Drag View: Generalizable Novel View Synthesis with Unposed Imagery

We introduce DragView, a novel and interactive framework for generating novel views of unseen scenes. DragView initializes the new view from a single source image, and the rendering is supported by a sparse set of unposed multi-view images, all seamlessly executed within a single feed-forward pass. Our approach begins with users dragging a source view through a local relative coordinate system. Pixel-aligned features are obtained by projecting the sampled 3D points along the target ray onto the source view.
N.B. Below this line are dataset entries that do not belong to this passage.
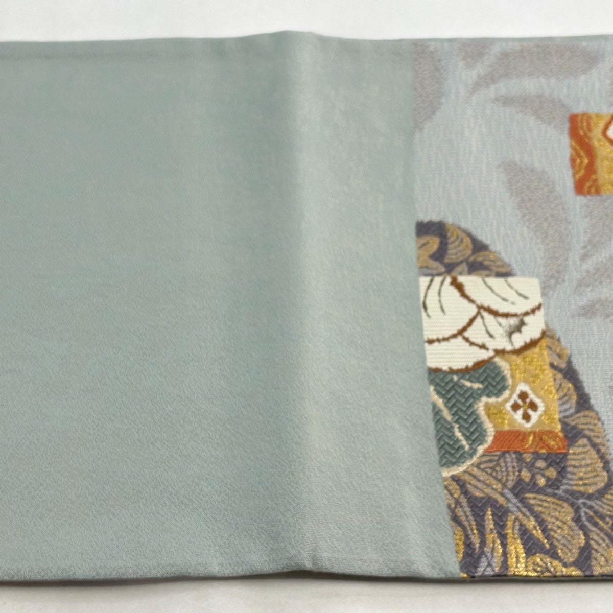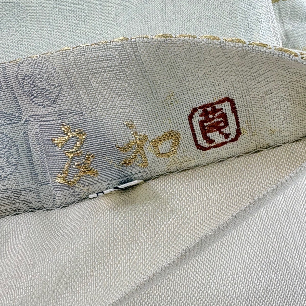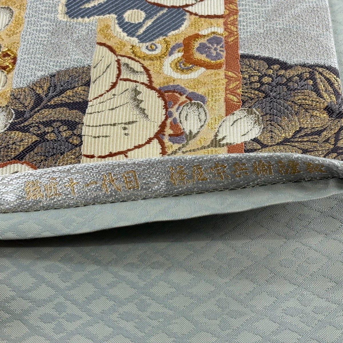 【美品】 袋帯 逸品 落款あり 織匠十一代目 篠屋宗兵衛 草花 桐 金糸 刺繍 青灰色 六通 正絹
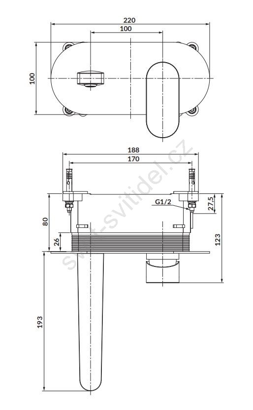 • Jednopáková vanová baterie pro podomítkovou instalaci.
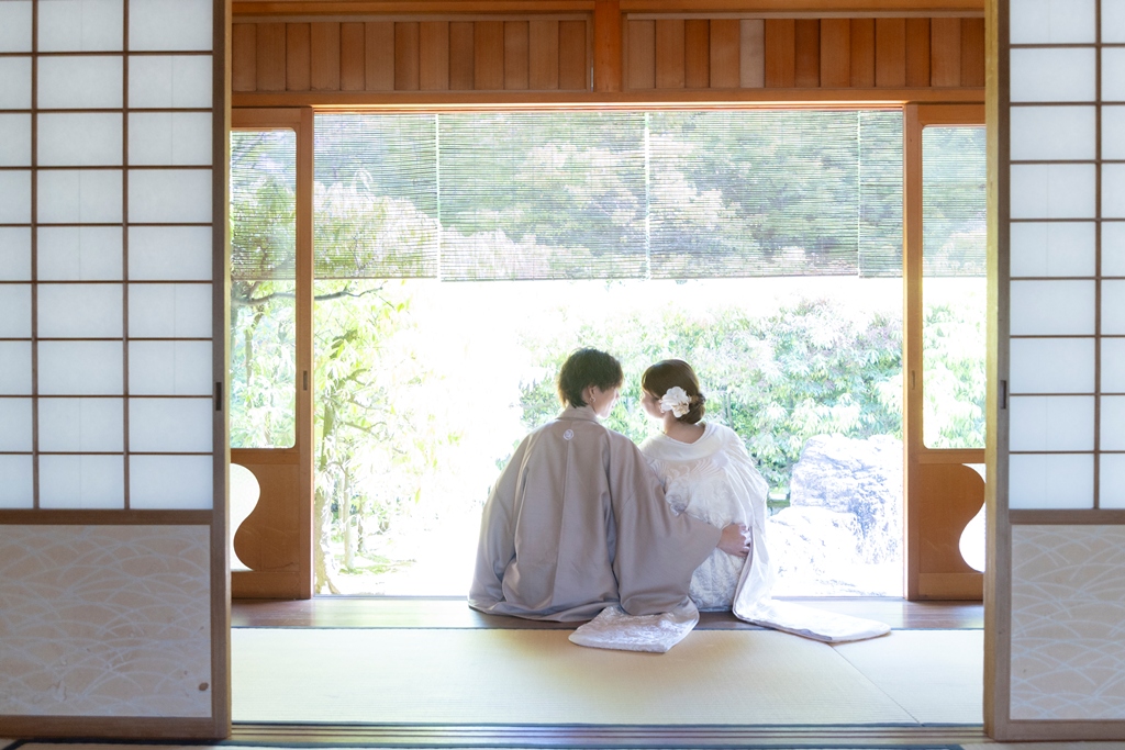 キラキラしたロケーションでお二人の笑顔も輝いていて、本当に素敵でした(*’▽’)お茶室や渡り廊下、四阿でも色々と撮影を楽しんでいただけて何よりです♪
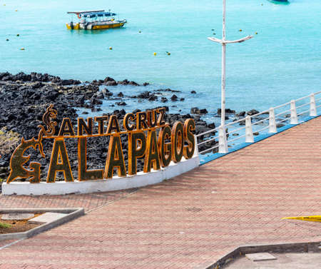 GALAPAGOS ISLAND, SANTA CRUZ - JULY 2, 2019: 3D letters Santa Cruz Galapagos at the pier
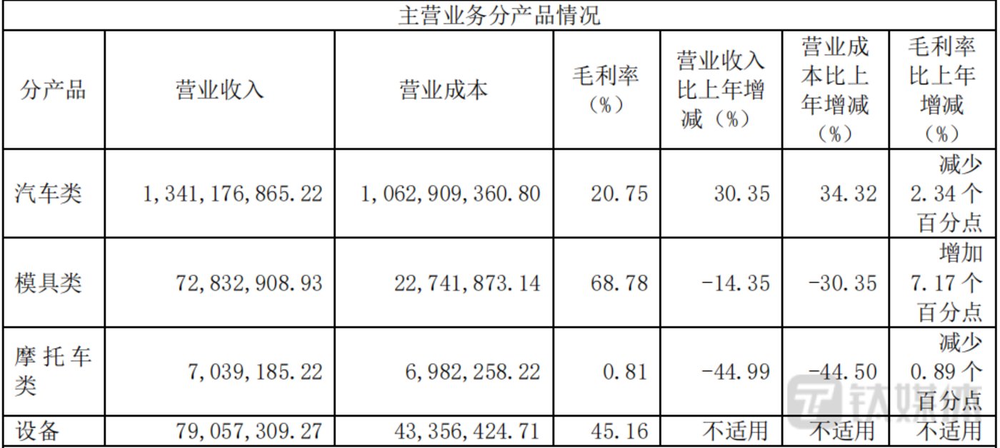 数据面上来看,除设备类业务2022年首次实现并表无可比性,其余产品中汽车类营收同比增长30.35%,模具类、摩托车类营收分别下滑14.35%、44.99%。
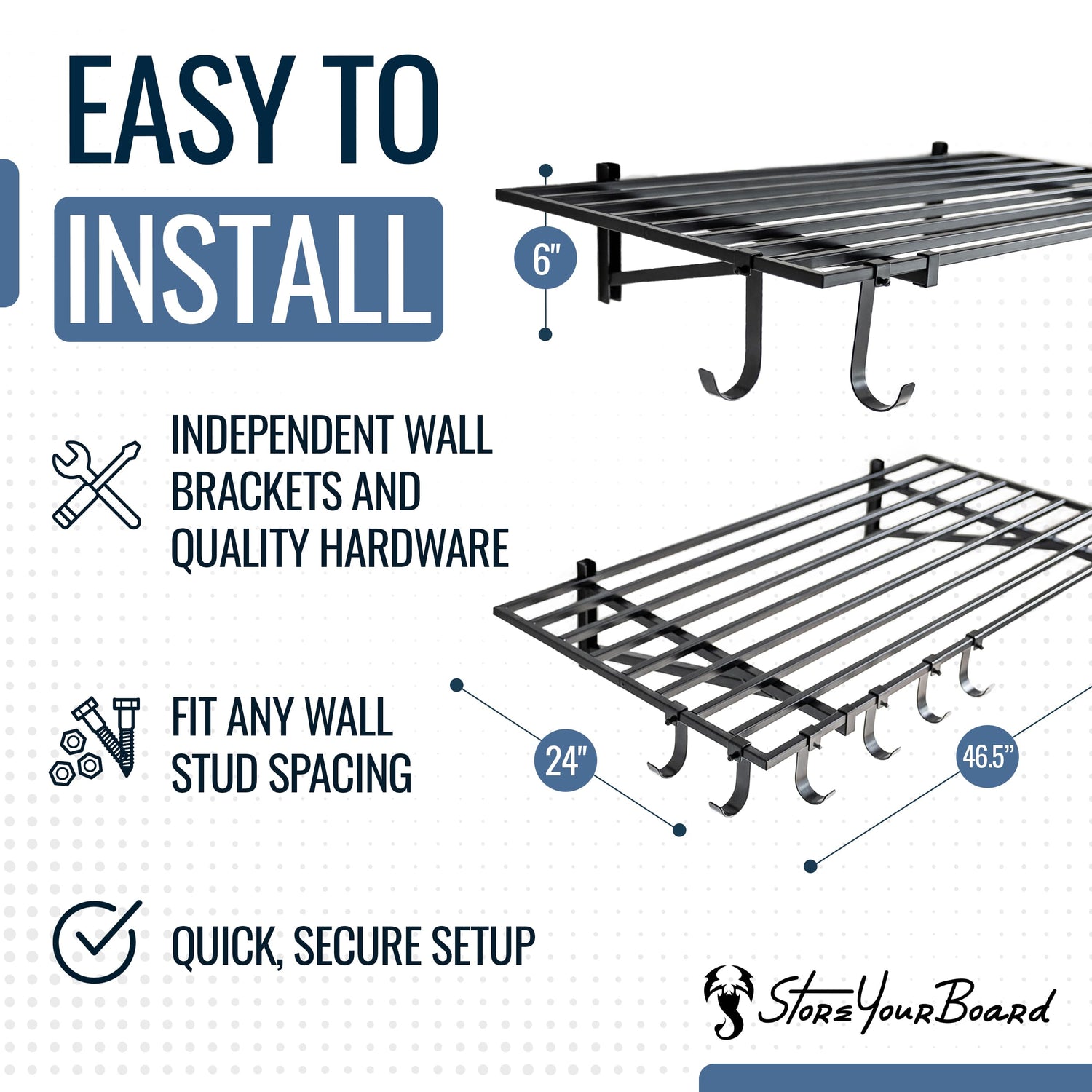 - EASY TO INSTALL: Independent wall brackets and quality hardware fit any wall stud spacing for a quick secure setup.
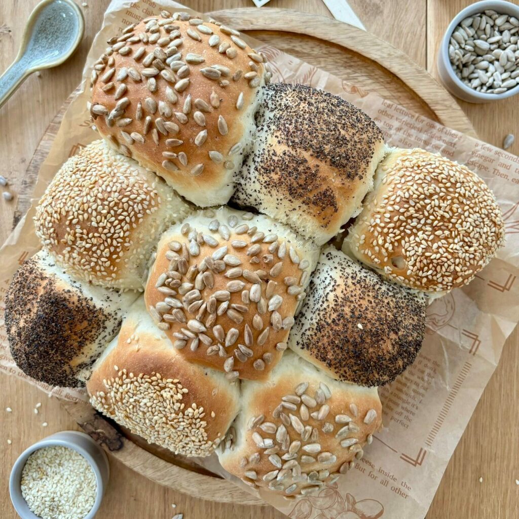 Bułeczki z ziarnem to doskonała propozycja na zdrową i sycącą przekąskę lub dodatek do posiłków. Chrupiące z wierzchu i miękkie w środku, wzbogacone mieszanką różnych ziaren, takich jak słonecznik, mak czy sezam, dostarczają cennych wartości odżywczych, w tym błonnika, witamin i zdrowych tłuszczów. Ich delikatny smak idealnie komponuje się zarówno z wytrawnymi dodatkami, jak i słodkimi smarowidłami. Można je podać na śniadanie, do sałatki lub jako bazę do kanapek.
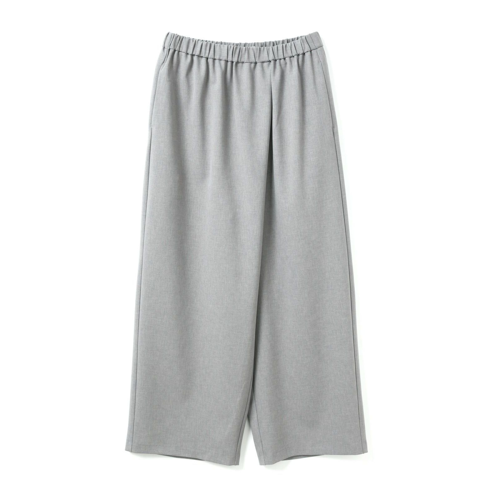 巻きスカートタイプのモードなパンツアイテムでフルレングスのシルエットを表現。ほどよく広いパンツ幅になっておりサラッとした生地感で上品な雰囲気も演出。ウエストはリラックス感のあるゴム使用。3-230103/テーラードシャツジャケットとのセットアップもお勧めです。
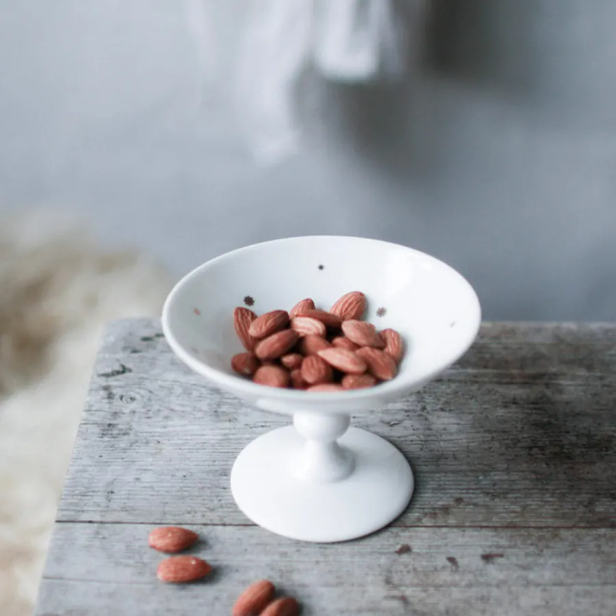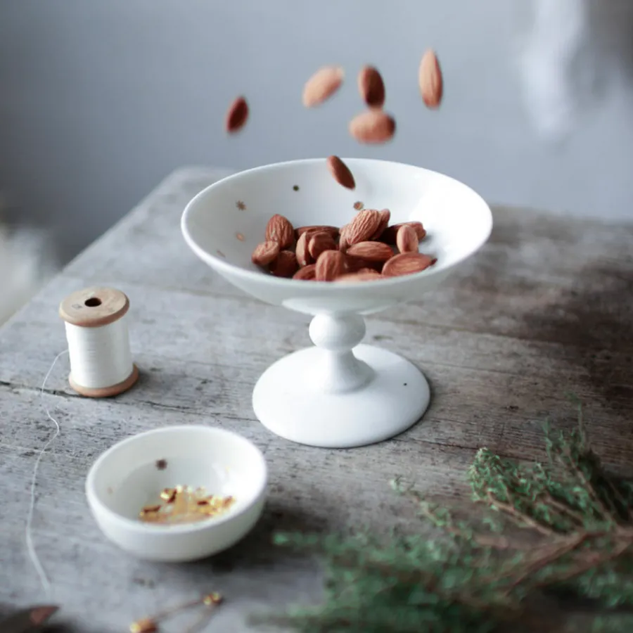 Skål på stett fra Wik & Walsøes eventyrlige servise Stjernedryss. Inspirert av det enkle og rene en stille og klar vinternatt formilder har den flotte serien fått vakre stjernedetaljer i 24 karat gull på hvitt benporselen. Skålens enkle former gjør den flott til ethvert hjem, til servering av konfekt eller det minste middagstilbehør. Skålen måler 12 cm.

We then incorporate a view-dependent modulation layer to effectively handle occlusion during the projection. Additionally, we broaden the epipolar attention mechanism to encompass all source pixels, facilitating the aggregation of initialized coordinate-aligned point features from other unposed views. Finally, we employ another transformer to decode ray features into final pixel intensities. Crucially, our framework does not rely on either 2D prior models or the explicit estimation of camera poses. During testing, DragView showcases the capability to generalize to new scenes unseen during training, also utilizing only unposed support images, enabling the generation of photo-realistic new views characterized by flexible camera trajectories. In our experiments, we conduct a comprehensive comparison of the performance of DragView with recent scene representation networks operating under pose-free conditions, as well as with generalizable NeRFs subject to noisy test camera poses. DragView consistently demonstrates its superior performance in view synthesis quality, while also being more user-friendly. Project page: https://zhiwenfan.github.io/DragView/.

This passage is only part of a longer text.